The random-effects model, drawn from 4 studies, revealed a pooled prevalence of 8.28% for the bone (95% CI: 3.2–13.4; P = 0.001). The pooled estimate of effects in this meta-analysis showed substantial heterogeneity among studies (I2 = 79.89%, P = 0.036). The funnel plot, when visually inspected, suggested an asymmetry and demonstrated publication bias (Fail-safe n = 74, P < 0.001).

Ligament

The random-effects model, drawn from 3 studies, revealed a pooled prevalence of 26.9% for the ligament (95% CI: 12.4– 41.4; P < 0.001). The pooled estimate of effects in this meta-analysis showed substantial heterogeneity among studies (I2 = 92.94%, P < 0.001). The funnel plot, when visually inspected, suggested an asymmetry and demonstrated publication bias (Fail-safe n = 277, P < 0.001).

Muscle/tendon

The random-effects model, drawn from three studies revealed a pooled prevalence of 30.8% for the muscle/tendon (95% CI: 27.5–34.1; P < 0.001). The pooled estimate of effects in this meta-analysis showed no heterogeneity among studies (I2 = 0.05%, P = 0.142). The funnel plot, when visually inspected, suggested an asymmetry and demonstrated publication bias (Fail-safe n = 320, P < 0.001) [Figure 7].

Forest and funnel plot depicting muscle/tendon injuries.
Figure 7:
Forest and funnel plot depicting muscle/tendon injuries.

Soft tissues/skin

The random-effects model, drawn from three studies, revealed a pooled prevalence of 6.72% for the soft tissue (95% CI: 2.9–10.6; P = 0.106). The pooled estimate of effects in this meta-analysis showed no heterogeneity among studies (I2 = 22.75%, P = 0.336). The funnel plot, when visually inspected, suggested an asymmetry and demonstrated publication bias (Fail-safe n = 22, P < 0.001).

DISCUSSION

Badminton is a sport that places significant biomechanical demands on its participants. The physical exertion required is intermittent, characterized by periods of high-intensity activity interspersed with very brief rest intervals. Despite its widespread popularity and extensive participation both recreationally and competitively, there exists a paucity of epidemiological studies on the sport. Moreover, the existing data are hindered by a lack of comparability, attributable to inconsistencies in injury definitions, variations in study design, and differing data collection methodologies.[10]
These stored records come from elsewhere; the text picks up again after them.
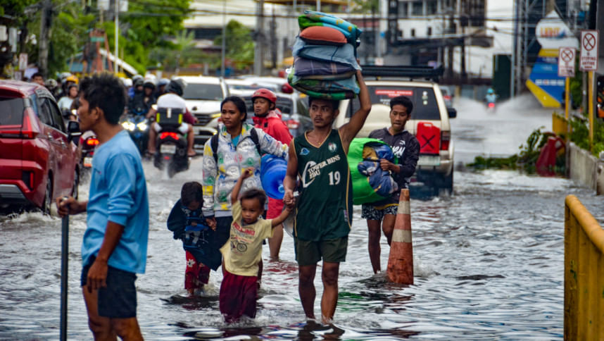 Moradores carregando seus pertences atravessam uma rua inundada na cidade de Mandaue, província de Cebu, em 4 de novembro de 2025, após a passagem do tufão Kalmaegi durante a noite. Foto: AFP
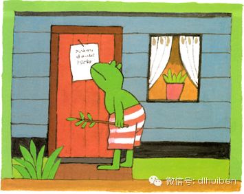 野兔不在家,只在门上留了一张纸条。弗洛格看不太懂,只知道好像关于一个聚会的事。
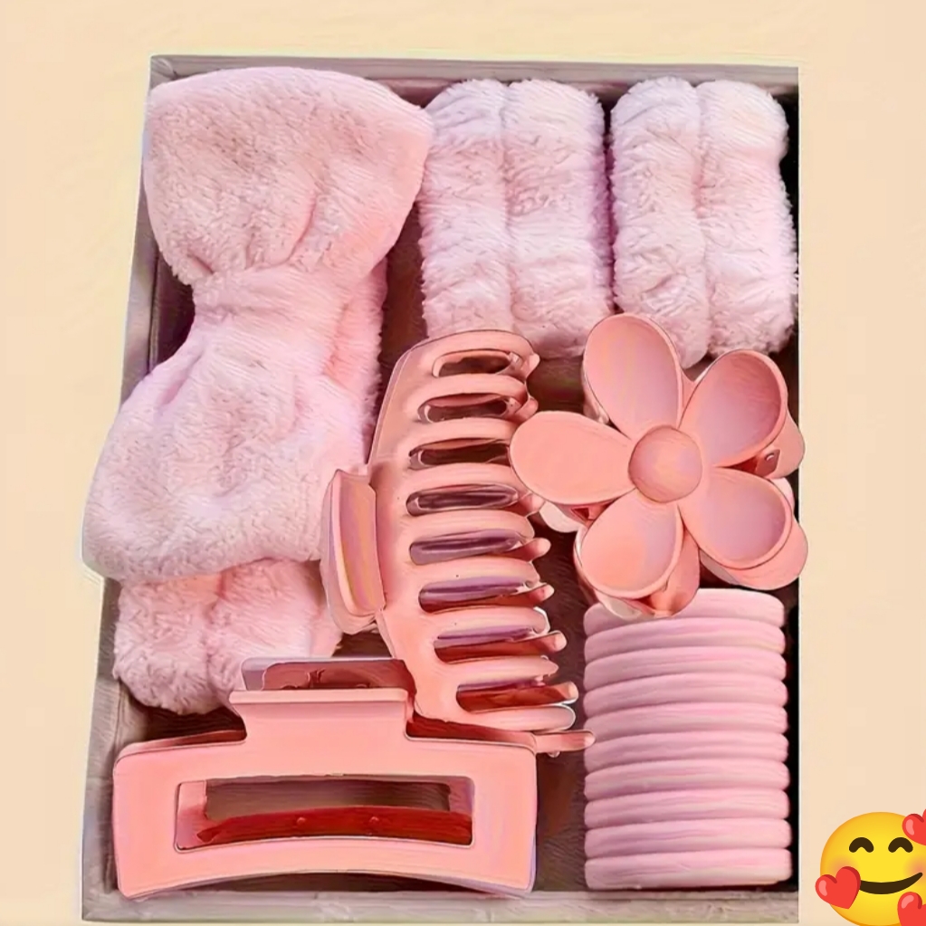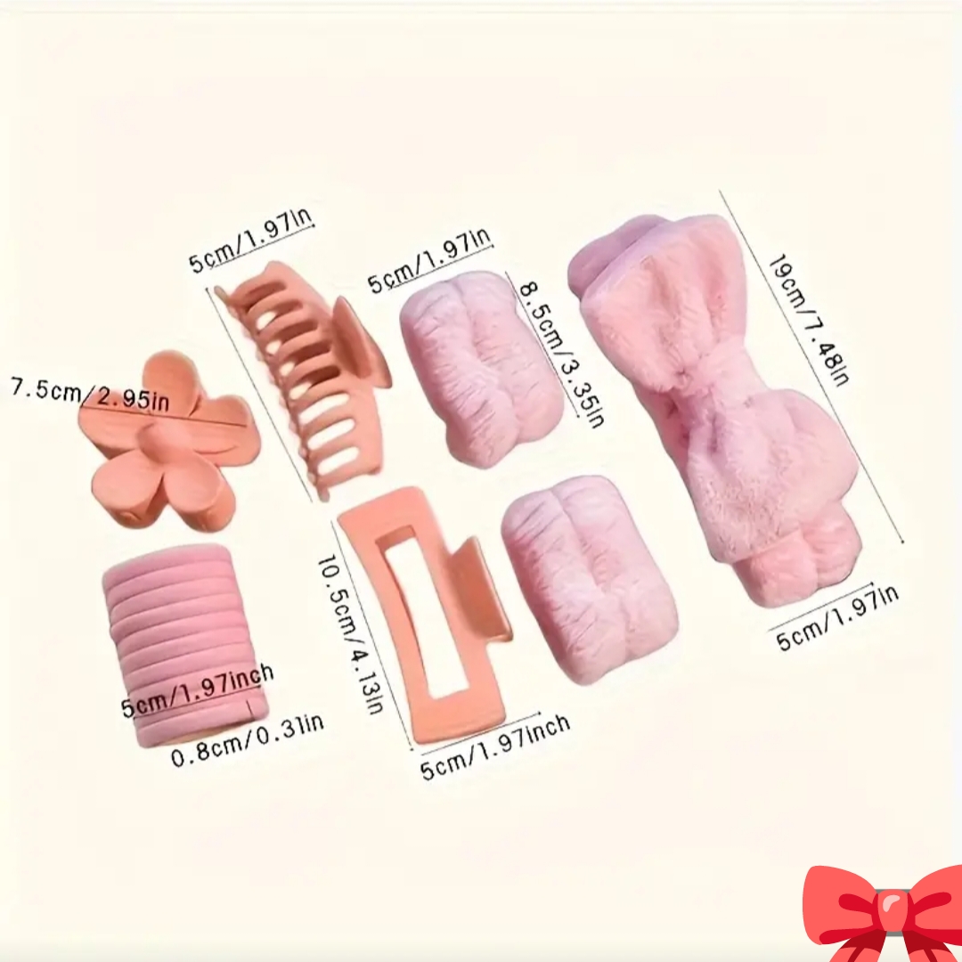 Σετ Κορδέλα Κλάμερ Λαστιχάκια Μαλλιών Ροζ
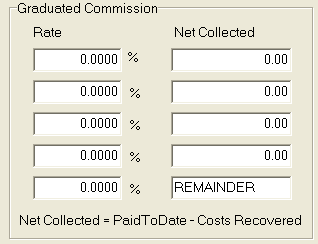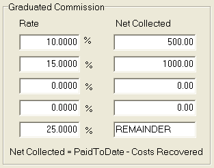 This selection will earn a graduated commission based upon net amount collected on claim. Net collected equals the Amount Paid To Date minus the Cost Recovered. Complete the graduated commission table:
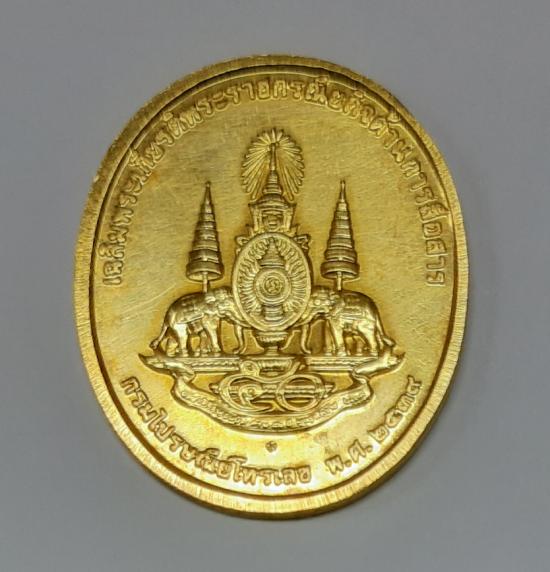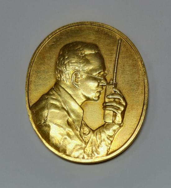 เหรียญในหลวงทรงวอร์ ปี 39 เนื้อทองแดง กะไหล่ทอง กรมไปรษณีย์โทรเลข |
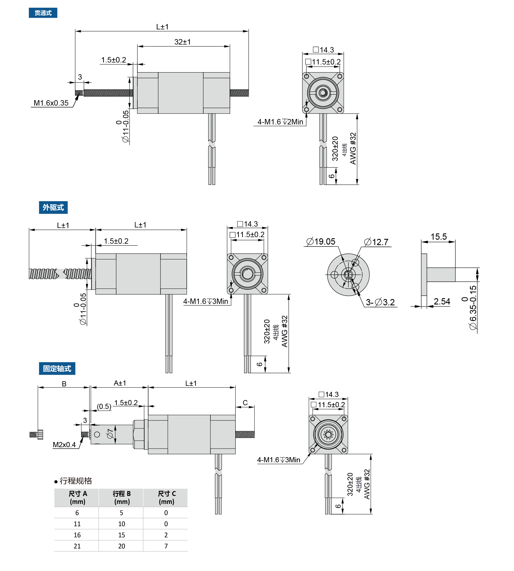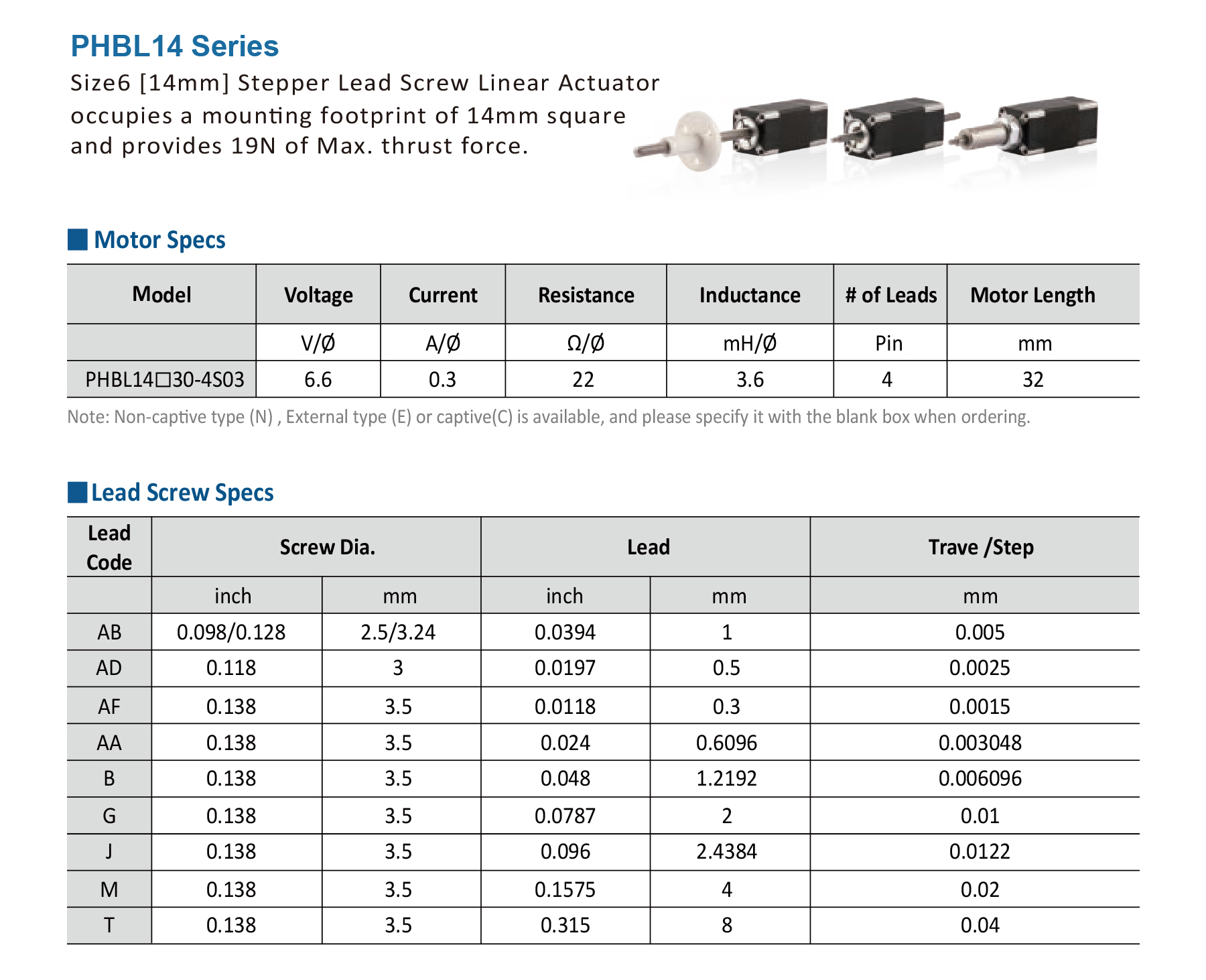 Compact PHBL14 Series NEMA 6 stepper linear actuator with 14 mm square frame delivers up to 19 N max thrust. Voltage 6.6 V, 0.3 Ω resistance, 3.6 mH inductance, 4-lead design. Available in non-captive, external, or captive types for precision automation, medical, and optical systems.

Badminton has been formally acknowledged as a leading core sport in Asia. Over the last 30 years, the continent has consistently cultivated numerous world-class athletes. As a non-contact sport, badminton demands jumps, lunges, and quick directional changes, along with rapid arm movements from various postural positions.[6] The epidemiology of badminton injuries is well-documented and demonstrates significant variability across different populations. Examining the epidemiology of injuries within a specific demographic is essential for comprehending their prevalence and severity, thus aiding in the formulation and execution of effective injury prevention strategies.[7]

Badminton, similar to other sports involving overhead motions such as tennis and baseball, requires rapid positional adjustments and dynamic movements, including lunges, jumps, twists, and swings. Due to the nature of badminton, it is essential to consistently coordinate the movements of all body joints. These actions involve weight shifting, upper limb rotation, trunk rotation, and instantaneous starting and stopping in response to receiving a shuttlecock from multiple directions.[8] However, given the insufficient allocation of dedicated medical personnel for certain teams and the inherent challenges associated with abstaining from practice and matches, it is essential that elite athletes engage in injury prevention programs. To effectively mitigate the risk of badminton injuries increasing in severity, we strongly recommend the implementation of a systematic injury prevention program specifically tailored to address chronic injuries.[9]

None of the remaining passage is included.